The Punk Comics Movement can be summed up in two simple statements, one for the artistic side of comics, one for the business side. (Once you read these two statements, it may or may not be apparent to you why I'm calling it "punk comics".) The artistic Punk Comics Manifesto is, "Write this comic like it was the only one anyone was ever going to read." The business Punk Comics Manifesto is, "Everyone should be reading comics." Those two statements might seem mutually exclusive, but read on.

1. "Write this comic like it was the only one anyone was ever going to read." You can break this statement down into two parts--first, assume that the comic you're writing is the first one that someone has ever read, and second, don't expect them to be picking up the next one you write.
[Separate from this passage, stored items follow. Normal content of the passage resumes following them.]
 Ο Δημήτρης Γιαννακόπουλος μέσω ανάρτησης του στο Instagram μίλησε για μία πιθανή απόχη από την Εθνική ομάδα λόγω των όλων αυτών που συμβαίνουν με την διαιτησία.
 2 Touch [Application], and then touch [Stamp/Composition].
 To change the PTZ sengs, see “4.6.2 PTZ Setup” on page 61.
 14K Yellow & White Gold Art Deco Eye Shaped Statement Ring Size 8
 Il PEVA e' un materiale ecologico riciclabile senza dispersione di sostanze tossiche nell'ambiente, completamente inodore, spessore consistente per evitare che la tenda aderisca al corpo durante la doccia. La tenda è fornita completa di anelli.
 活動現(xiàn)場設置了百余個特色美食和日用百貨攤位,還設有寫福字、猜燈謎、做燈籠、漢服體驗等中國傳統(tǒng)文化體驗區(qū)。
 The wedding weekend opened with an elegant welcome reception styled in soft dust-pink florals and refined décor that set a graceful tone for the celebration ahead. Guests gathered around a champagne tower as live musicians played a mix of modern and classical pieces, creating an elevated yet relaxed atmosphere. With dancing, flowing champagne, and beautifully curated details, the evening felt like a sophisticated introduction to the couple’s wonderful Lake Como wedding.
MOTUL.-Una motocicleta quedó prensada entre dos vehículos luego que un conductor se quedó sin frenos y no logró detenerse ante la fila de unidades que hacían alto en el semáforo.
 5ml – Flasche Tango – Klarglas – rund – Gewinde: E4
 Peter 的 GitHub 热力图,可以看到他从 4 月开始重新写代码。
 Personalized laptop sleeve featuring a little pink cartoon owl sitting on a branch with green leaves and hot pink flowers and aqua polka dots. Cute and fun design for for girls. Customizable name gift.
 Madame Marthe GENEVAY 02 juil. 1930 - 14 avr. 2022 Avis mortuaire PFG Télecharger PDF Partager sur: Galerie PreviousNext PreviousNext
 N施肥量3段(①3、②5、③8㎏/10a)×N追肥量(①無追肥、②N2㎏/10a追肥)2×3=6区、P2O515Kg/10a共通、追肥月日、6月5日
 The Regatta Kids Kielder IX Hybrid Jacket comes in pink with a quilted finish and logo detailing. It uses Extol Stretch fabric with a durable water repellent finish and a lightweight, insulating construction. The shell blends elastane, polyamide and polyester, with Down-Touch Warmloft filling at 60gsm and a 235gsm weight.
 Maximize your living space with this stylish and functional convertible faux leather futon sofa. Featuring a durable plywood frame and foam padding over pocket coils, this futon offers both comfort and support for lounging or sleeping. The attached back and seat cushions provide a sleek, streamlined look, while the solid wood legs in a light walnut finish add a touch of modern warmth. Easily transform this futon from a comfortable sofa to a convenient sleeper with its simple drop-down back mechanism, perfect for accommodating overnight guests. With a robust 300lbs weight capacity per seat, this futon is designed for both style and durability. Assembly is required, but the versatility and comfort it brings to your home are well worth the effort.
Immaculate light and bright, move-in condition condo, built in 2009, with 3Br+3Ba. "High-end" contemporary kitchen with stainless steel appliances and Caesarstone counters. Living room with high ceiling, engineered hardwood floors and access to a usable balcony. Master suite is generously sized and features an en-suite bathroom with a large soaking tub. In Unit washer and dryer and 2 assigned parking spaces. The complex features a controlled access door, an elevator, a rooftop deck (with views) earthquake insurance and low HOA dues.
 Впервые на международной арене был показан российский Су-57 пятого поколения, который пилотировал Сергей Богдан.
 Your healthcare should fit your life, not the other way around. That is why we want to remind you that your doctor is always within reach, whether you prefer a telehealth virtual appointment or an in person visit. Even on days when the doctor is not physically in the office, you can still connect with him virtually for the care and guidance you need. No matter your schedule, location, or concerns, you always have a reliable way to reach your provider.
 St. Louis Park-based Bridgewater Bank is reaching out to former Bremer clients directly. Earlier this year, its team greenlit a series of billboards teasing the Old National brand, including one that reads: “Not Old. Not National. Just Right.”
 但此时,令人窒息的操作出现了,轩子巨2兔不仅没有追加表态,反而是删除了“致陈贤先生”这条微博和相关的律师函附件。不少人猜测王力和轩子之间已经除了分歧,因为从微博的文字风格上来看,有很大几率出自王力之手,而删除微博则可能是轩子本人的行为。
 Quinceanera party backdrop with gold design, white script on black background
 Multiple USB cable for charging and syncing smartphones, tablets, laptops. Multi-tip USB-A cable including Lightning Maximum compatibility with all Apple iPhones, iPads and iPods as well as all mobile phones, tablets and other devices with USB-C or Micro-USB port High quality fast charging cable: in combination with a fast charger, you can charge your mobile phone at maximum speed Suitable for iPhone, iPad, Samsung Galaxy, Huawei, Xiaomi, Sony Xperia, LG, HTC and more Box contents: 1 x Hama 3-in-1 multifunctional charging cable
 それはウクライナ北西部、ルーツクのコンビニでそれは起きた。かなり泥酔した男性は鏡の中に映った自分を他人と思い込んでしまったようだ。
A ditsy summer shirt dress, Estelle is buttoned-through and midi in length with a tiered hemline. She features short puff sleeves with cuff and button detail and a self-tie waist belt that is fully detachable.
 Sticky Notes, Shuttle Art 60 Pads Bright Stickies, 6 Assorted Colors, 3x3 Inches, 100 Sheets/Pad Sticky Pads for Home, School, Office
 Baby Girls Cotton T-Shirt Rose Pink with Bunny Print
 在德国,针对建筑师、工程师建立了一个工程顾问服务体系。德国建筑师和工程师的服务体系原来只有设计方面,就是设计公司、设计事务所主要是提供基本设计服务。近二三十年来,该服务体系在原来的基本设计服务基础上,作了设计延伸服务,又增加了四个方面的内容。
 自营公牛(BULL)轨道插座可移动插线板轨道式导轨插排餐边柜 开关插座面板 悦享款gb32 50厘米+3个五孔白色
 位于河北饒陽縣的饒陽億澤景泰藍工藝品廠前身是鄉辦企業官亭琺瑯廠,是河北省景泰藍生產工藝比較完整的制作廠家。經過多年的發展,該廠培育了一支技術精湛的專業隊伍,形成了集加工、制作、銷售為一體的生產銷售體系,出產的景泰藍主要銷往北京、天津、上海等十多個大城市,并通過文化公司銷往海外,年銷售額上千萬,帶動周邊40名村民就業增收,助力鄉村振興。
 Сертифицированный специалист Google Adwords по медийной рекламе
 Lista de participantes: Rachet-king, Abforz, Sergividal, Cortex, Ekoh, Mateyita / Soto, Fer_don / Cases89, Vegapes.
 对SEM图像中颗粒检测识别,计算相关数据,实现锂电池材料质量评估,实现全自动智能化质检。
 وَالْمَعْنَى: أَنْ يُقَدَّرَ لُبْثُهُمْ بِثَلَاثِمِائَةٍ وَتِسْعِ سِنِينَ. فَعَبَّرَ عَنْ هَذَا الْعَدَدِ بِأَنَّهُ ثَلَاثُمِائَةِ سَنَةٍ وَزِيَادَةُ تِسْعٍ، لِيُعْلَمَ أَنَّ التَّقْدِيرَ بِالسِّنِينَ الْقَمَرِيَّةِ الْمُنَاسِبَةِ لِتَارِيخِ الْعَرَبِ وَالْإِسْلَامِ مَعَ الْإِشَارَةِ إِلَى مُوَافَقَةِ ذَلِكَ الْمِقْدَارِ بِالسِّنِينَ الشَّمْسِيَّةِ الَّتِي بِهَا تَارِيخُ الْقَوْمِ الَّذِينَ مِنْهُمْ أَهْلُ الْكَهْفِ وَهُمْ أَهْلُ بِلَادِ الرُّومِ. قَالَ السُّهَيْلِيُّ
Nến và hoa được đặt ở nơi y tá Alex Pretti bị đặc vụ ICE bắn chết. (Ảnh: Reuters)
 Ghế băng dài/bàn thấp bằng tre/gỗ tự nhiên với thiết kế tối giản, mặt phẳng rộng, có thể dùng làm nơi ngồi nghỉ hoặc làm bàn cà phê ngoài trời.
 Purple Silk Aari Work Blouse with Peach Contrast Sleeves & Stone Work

A good comic should always be self-contained.

There was a time when this was virtually taken for granted in the comic industry. Reader turnover was considered to be complete every two years, and so it was assumed that anytime you wrote a comic book, you were writing it for an audience that didn't know about anything that happened more than two years ago. In addition, with spotty newsstand distribution, it was considered to be so difficult to follow a comic for more than a few months that issues had to be self-contained to avoid reader frustration. These two notions have been almost totally abandoned over the years; in much the same way Punk Rock went back to the roots of the genre and simplified the message, Punk Comics aims to do the same thing.

A. Assume the comic you're writing is the first one that someone has ever read. You should assume that, really--more than assume, you should hope it. You should always hope, as a writer, that every comic you write is attracting a new reader, at least one, and you should write with that new reader in mind. Which means that you have to, absolutely have to, write an issue that a first-time reader can pick up and immediately understand. If you're writing an issue of the Flash, make sure somewhere in that issue is an explanation of who the Flash is and what he's all about--it doesn't have to be long, or elaborate, but it needs to be there. If you're bringing back Electro, explain who he is and why he's dangerous--even just a brief, "Uh-oh, it's Electro again! Last time we fought, he nearly killed me with his electric blasts!" is better than no explanation at all. Characters with backstories so complicated they need elaborate, lengthy explanations (or worse, stories with no point beyond explaining backstories from existing characters) shouldn't be involved. Simplify, simplify, simplify, and assume that your reader knows nothing.

B. Don't expect them to be picking up the next comic you write. A comic takes an enormous amount of time and effort to produce, meaning that there's a substantial wait on the part of the reader for each individual comics story. Producing a story with no pay-off, a story that ends on a cliff-hanger, is essentially telling the reader, "This story is so special that it is worth an entire month of your time to wait for the ending." Producing a ten-part story is telling the reader, "This story is so special that it is worth ten months of your time and thirty dollars of your money to wait for the ending." That's a lot to ask of the reader, and you should do it only rarely.

Instead, the medium should fit the message. If you have a comics story that will be 200 pages long and paced like a novel, write it as a 200-page graphic novel. Don't break it down into ten 20-page chunks just to fit a century-old idea of how comics are sold. If you're publishing a monthly 32-page comic, put a pay-off in at the end of every thirty-two page issue, even if you're also establishing longer plot threads that will pay off more for the returning reader. If you're worried that you're providing a "jumping-off" point for people to stop reading, then you don't have enough faith in your writing talent. Tease them into buying more, yes; entice them, lure them, interest them. But don't expect their continued patronage, and certainly don't demand it by writing a story that never seems to end.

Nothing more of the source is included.